Some years ago, I stumbled across a project by a group of Star Wars fans who’d taken to scanning theatrical release prints of the original 1977 film, in its original pre-Special Edition form. With no official restoration or release of the unaltered Star Wars in sight, these dedicated fans had jerry-rigged a 35mm projector and camera to make their scans, and then spent years cleaning them up and assembling them into their own restoration. That project was followed by further even better quality restorations from better scans of better prints. Many already know about 4K77, the ultimate end of all this, a version of the film that surpasses all others, official and not, in quality and care. My interest in the Star Wars scans led me into corners of the internet where film enthusiasts have been collecting, scanning and restoring (or semi-restoring) prints of all kinds of movies. In many cases, unlike with 4K77 and its affiliated projects, these other scans are not released as attempts to literally outmatch any official Blu-ray release, but to capture something closer to what moviegoers might have actually seen projected in look and feel.
It’s an aim not devoid of merit, and in most cases, I love these scans. They’re often my preferred way to watch the films in question. A scan of Se7en that’s out there in the world might not look exactly like the 35mm print I’ve seen projected more than once here in Toronto, but the scraggy feel of it certainly feels more suited to the film than any Blu-ray or 4K release, what with David Fincher’s penchant for as slick and clean an image as he can get. I’ve seen beautiful scans of Jurassic Park and Face-Off and The Thing and Fantasia and Ashes of Time and I could go on and on. The other night, I put on another, recently acuqired: The Hunt for Red October. It looks glorious.
Now, obviously The Hunt for Red October is a key text in the Five-Star Three-Star canon, and one I’m sure I’ll get to eventually, but this go around I really only had one thing on my mind. Given that I was watching it via a 35mm print scan, I was particularly attentive to how the movie looked. Great, in a word. But more than that, I found myself utterly mesmerized by cinematographer Jan de Bont’s photography. The man was no slouch, and Die Hard is one of the best looking action movies ever made, so it stands to reason Red October would look good, too. More than looking good, though, it has real style.
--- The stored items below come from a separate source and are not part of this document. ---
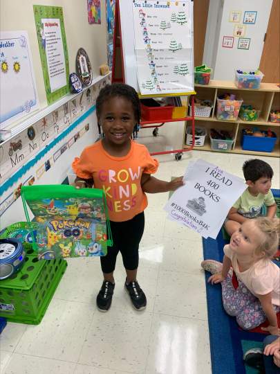 A one year grant provides students in Martin County Head Start and Title I voluntary pre-kindergarten classes the opportunity to participate in the 1000 Books Before Kindergarten program. Teachers read a minimum of five books a day to the students. The students tracked their reading in journals and with classroom wall displays. At major benchmarks on their way to reading 1000 books, the students are given prize books to take home and own for their family libraries.
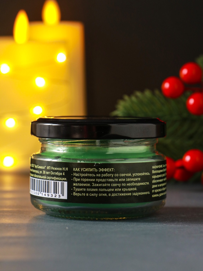 Зелёная ритуальная свеча для привлечения финансовой энергии. Создана из натурального воска для ваших практик изобилия. Горит до 14 часов, помогая сфокусировать намерение на денежном потоке.
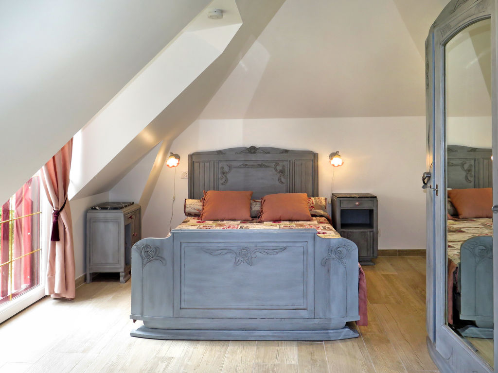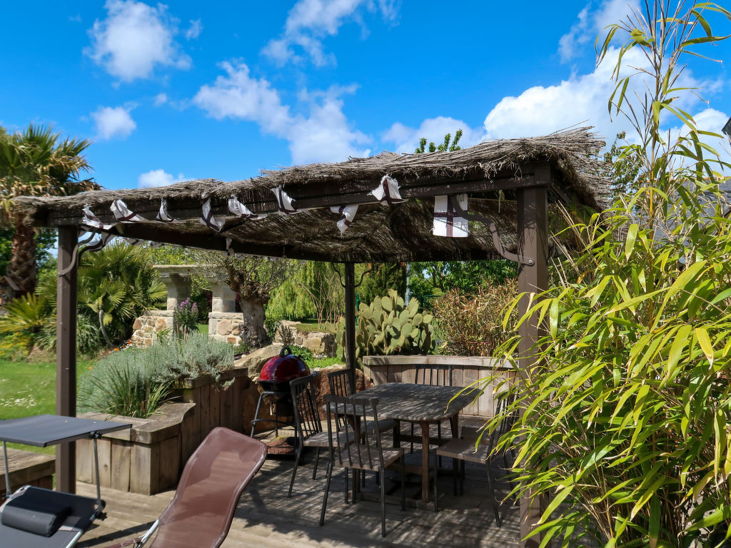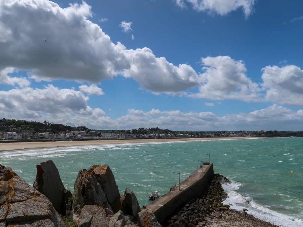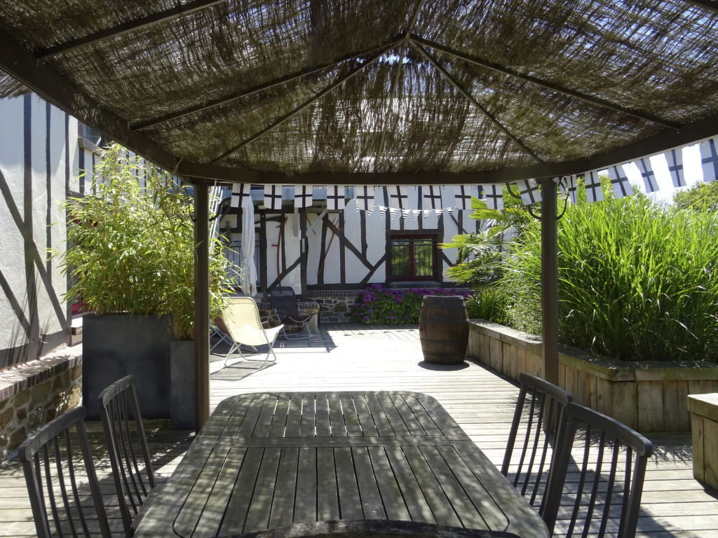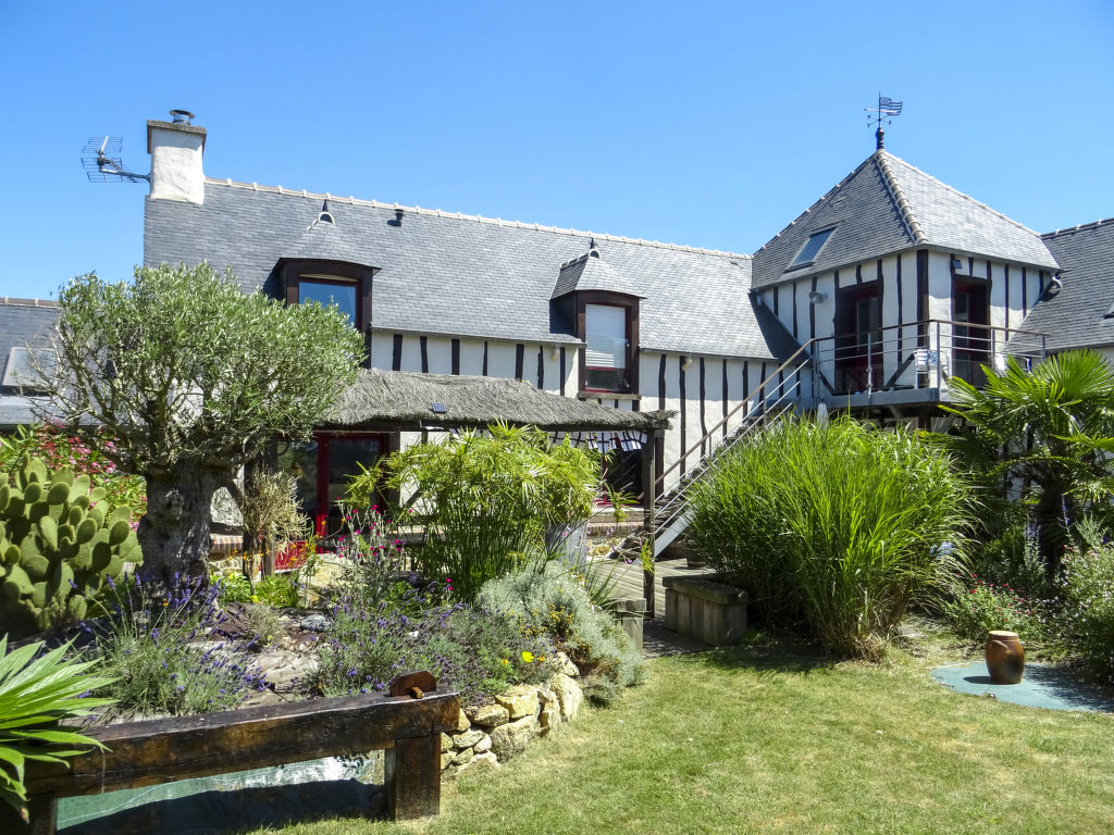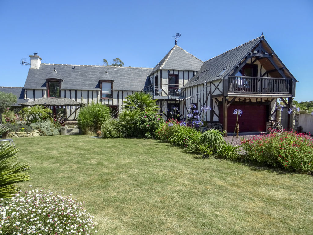 Das für die Region typische Fachwerkhaus VALHALLA mit 2 Hausteilen steht, zusammen mit dem Haus der Besitzer, herrlich im Grünen auf einem insgesamt ca. 6600 m² großen Anwesen eines ehemaligen Gehöfts. Ortsmitte Planguenoual und erste Einkaufsmöglichkeit 1 km. Zum nächsten Sandstrand und Supermarkt 3 km. Pléneuf-Val-André mit schönem, langen Badestrand 6 km. Zur gemeinsamen Nutzung steht den beiden Ferienhausteilen ein ca. 1000 m² großes, durch Hecke und Zaun abgeschlossenes, gepflegtes Rasen- und Kiesgrundstück mit Bäumen und schöner Bepflanzung zur Verfügung. Zu unserem Ferienhaus gehören eine windgeschützte Terrasse mit Gartenmöbeln, 4 Sonnenliegen, transportabler und gemauerter Grill sowie 2 Balkone mit schönem Blick auf Felder und Wiesen, davon einer überdacht und windgeschützt. Parkmöglichkeit für 2 PKW auf dem Grundstück oder entlang der Straße (die Garage bleibt verschlossen). Der 2016 renovierte Hausteil ist gut und ansprechend eingerichtet. Fliesenboden. Sat-TV (deutsche Programme). Internetzugang (WLAN, inklusive). Safe. Waschmaschine. Bügeleisen/-brett. Wärmepumpenheizung. Hinweis: Rauchen ist im Haus nicht gestattet.
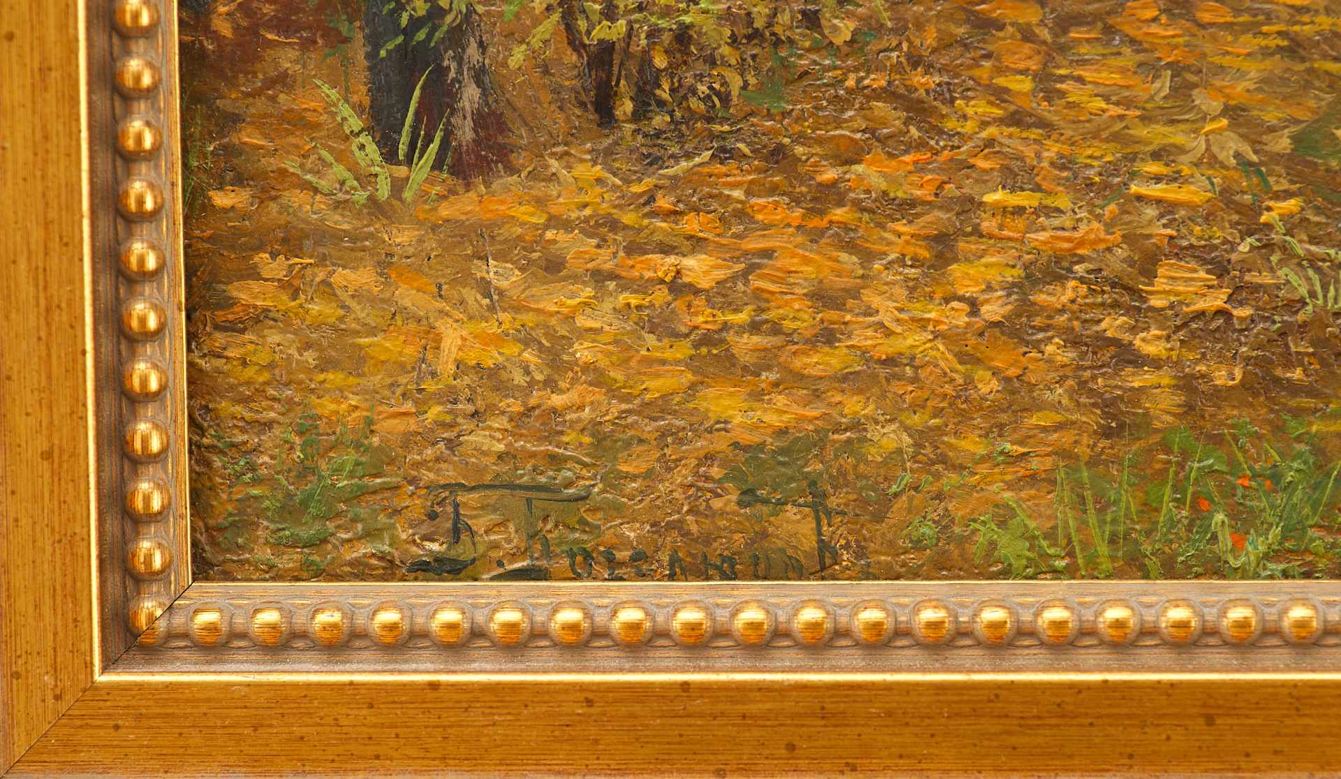 Слева внизу подпись: «Б. Боголюбовъ». Подпись соответствует автографам художника на других его произведениях, представленных в музейных и частных собраниях. Приемы изображения, рисунок, композиция, палитра соответствуют принципам письма русского живописца Б. Боголюбова. Состояние живописных материалов исследуемой работы не противоречит указанной датировке. Работа выполнена на высоком профессиональном уровне и представляет интерес для частных собраний.
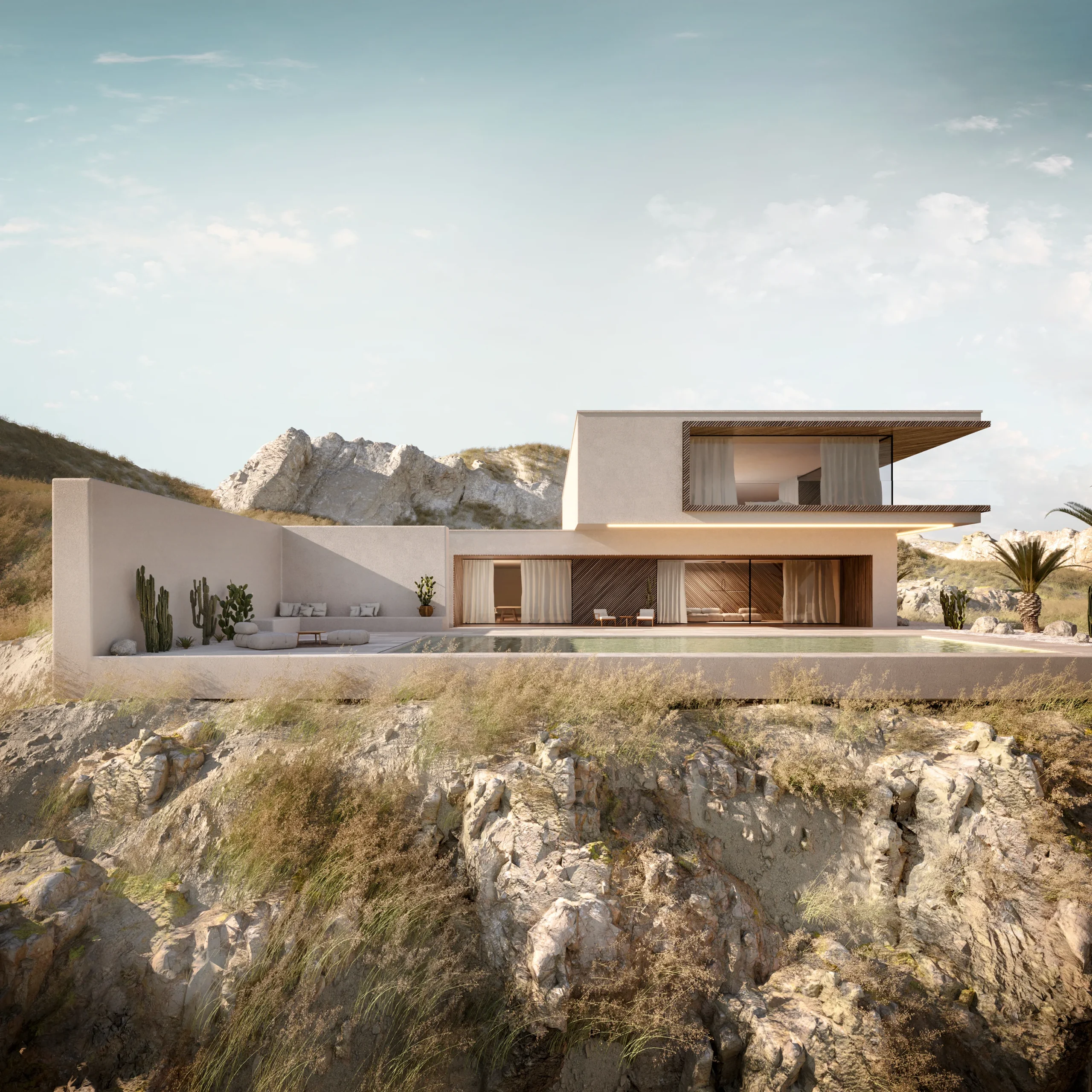 Powstała realizacja pokazuje, jak wizualizacja 3D potrafi uchwycić lekkość lata. Od ciepłych refleksów na wodzie po naturalne faktury i miękkie linie architektury.
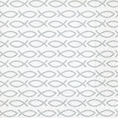 Auf der weißen Serviette Religious grey befinden sich viele kleine graue Fische.
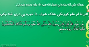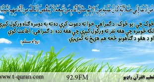 د ګمراهۍ خوا ته خلګ دعوتول (الحدیث) رسول اکرم صلی الله علیه وسلم فرمایلي دي: مَنْ دَعَا إِلَى ضَلاَلَةٍ كَانَ عَلَيْهِ مِنَ الإِثْمِ مِثْلُ آثَامِ مَنْ تَبِعَهُ لاَ يَنْقُصُ ذَلِكَ مِنْ آثَامِهِمْ شَيْئًا. رواه مسلم ژباړه: څوک چي (یو څوک) د ګمراهۍ خوا ته دعوت کړي ده ته به دومره …
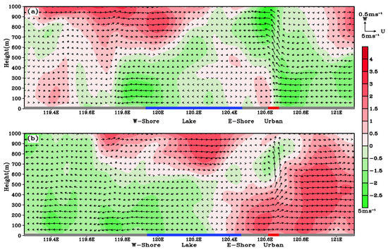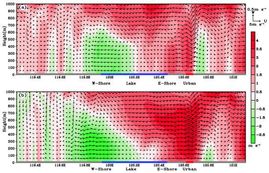 An east–west vertical cross-section of the flow reveals small land circulation cells embedded in the lake breeze (Figure 10). These cells are several km in size and extend to 1 km in height. In S-Lake, the lake breeze vertical extent is 650 m (on the west shore), and the maximum wind speed is 2 m s−1. In D-Lake, the vertical extent is 850 m, and the maximum wind is slightly higher, at 2.5 m s−1. Another difference is that in S-Lake, the lake breeze is limited to the west edge of the city of Suzhou, whereas in D-Lake, the breeze is able to penetrate the whole city.

Stuck within the confines of a submarine, telling a story that’s mostly comprised of people standing around talking, de Bont amd director John McTiernan get creative. Not in any wild way. This isn’t Rian Johnson directing a bottle episode of Breaking Bad, admirably swinging the camera around every which way. De Bont and McTiernan instead create a whole visual language for their film, turning the limitations of the environment into assets. Lighting sources are peppered throughout the dark interior, illuminating characters with beautiful contrast from interesting angles, often from below as often as above.
In one incredible shot, the camera pulls out to reveal Alec Baldwin with a gun in the sub’s reactor room, giant, tall red cylinders lining the path before him, and even having seen the film several times before, I nearly fell out of my chair (or in this case rolled off my bed). I studied the shot for a while, looking at its odd, almost impressionistic lighting, its canted angle, the beauty of the deep red in the frame. It seems so real and unreal, and I assume that much of it is a set exention matte painting. There’s no reason the shot should look the way that it does, except for the fact that it’s beautiful. Yet, it’s more than just beautiful. It’s stylistically coherent, serving to enlarge the sense of scale inside the sub while maintaining the visual attributes of its more claustrophobic sets. It’s all for the tension, baby, and holy shit is that scene tense.
There’s no one way movies used to look, and it’s not like movies don’t still look good much of the time. Some even have style. But I watch a movie like The Hunt for Red October, and it makes me dream of a world where this level of visual craft was still regularly being applied to blockbuster movies. Or studio movies in general. A lot of indie movies, too, honestly. Perhaps not fair to use a movie shot by a great like de Bont as my yardstick, but the truth is, plenty of movies from the era display the same sort of consideration. Not artsy-farsty-ness, but an understanding that style and story can be one and the same, and that a movies’ beauty can be inseparable from its effectiveness. Movies can look like The Hunt for Red October.